The British are part of the European Union but balked at abandoning the pound for the Euro under previous Conservative Party rule. Labour Party Prime Minister Tony Blair has indicated that his government is more receptive to the new currency.
"The continent would welcome the British as early as possible," said Bernd Stecher, senior vice president and chief economist of Germany's Siemens AG. "We'd like to share the British entrepreneurial spirit with the rest of the community."
Spurred by a strong service sector, British unemployment is about 6 percent -- approximately half the level of some other European nations. Some analysts said Britain's more liberal labor rules as well as privatization efforts could rub off elsewhere in Europe.

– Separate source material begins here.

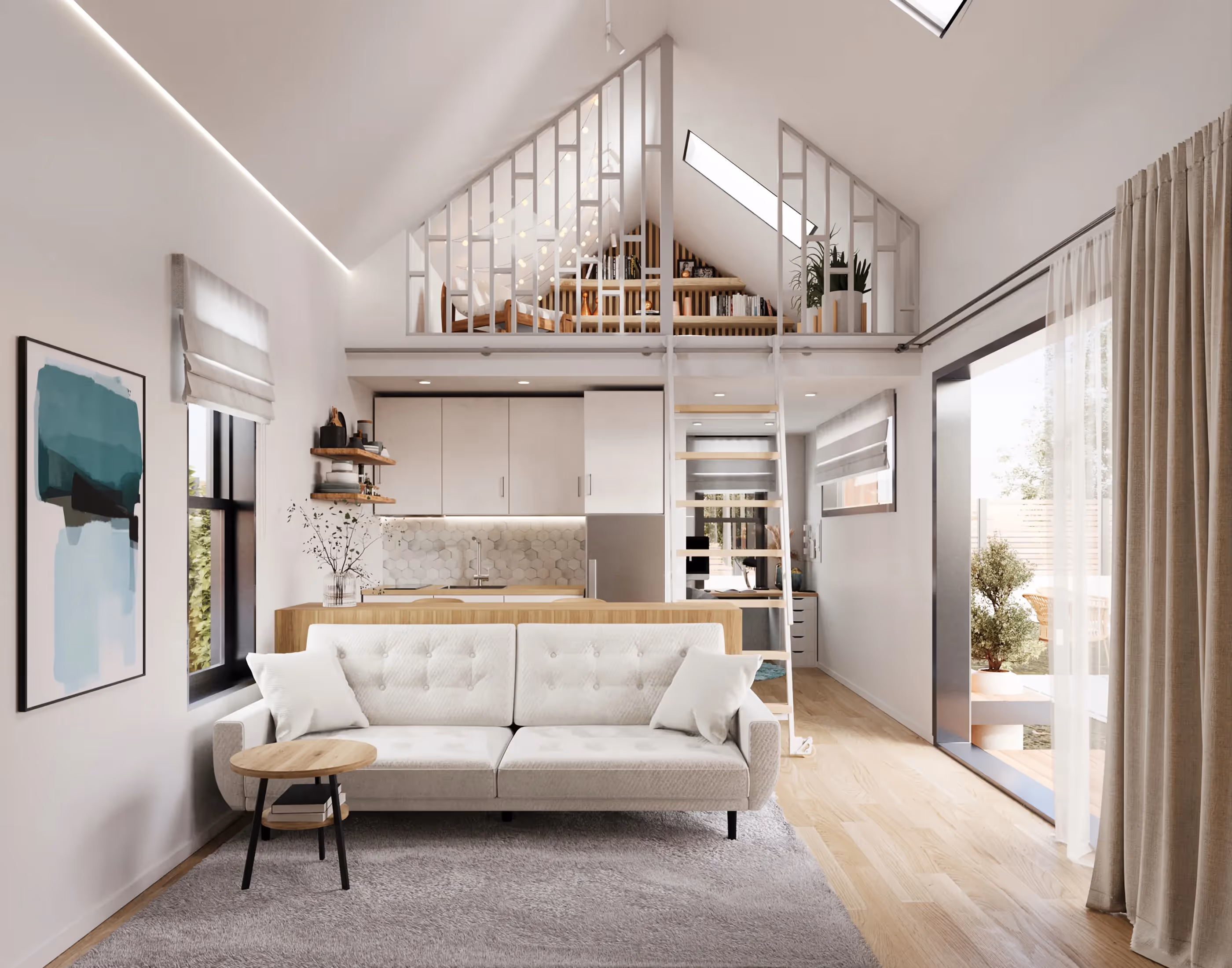 Our prefab ADUs come with premium kitchen cabinets, sink, fridge, cooktop, toilet, shower, vanity, and color choices for walls and flooring

"Europe's main economic policy challenge is unemployment," said Joly Dixon, director of international economic and financial affairs for the European Commission. "Many European countries have unemployment of over 10 percent -- this is unacceptable."
Dixon predicted that economic growth for the European Union will total about 2 percent this year before picking up in 2000. Earlier predictions had pegged 1999 growth at 2.5 percent.

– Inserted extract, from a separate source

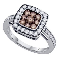 1 CTW Cognac-brown Color Diamond Square Cluster Ring 10KT White Gold - REF-49W5K

A wild card in the employment picture is how an expected rush of corporate combinations will affect jobs. "We will see a wave of mergers in coming months" as the Euro conquers borders and deregulation continues in industries such as telecommunications, said Juergen Mueller, senior economist at DaimlerChrysler AG.
Panelists said closer cooperation between European Union nations will make national governments less relevant. They also suggested that the advent of the Euro will carve into the dollar's supremacy as the world's currency.
"There is a revolution going on in Europe; we're just in the early stages of it," said Richard M. Young, managing director and chief European strategist for Goldman Sachs.
A dissenting voice on the panel was Henri Lepage, managing director of l'Institut Euro '92, who suggested that the currency won't be as strong as some panelists suspect, and that the common currency may not have the effect of drawing the nations together.
"The Euro will be much weaker than people think," Lepage said. "Life will much tougher than people think and divisions between countries much greater than people think."
Ted Van Dyk, executive vice president of the Institute, moderated.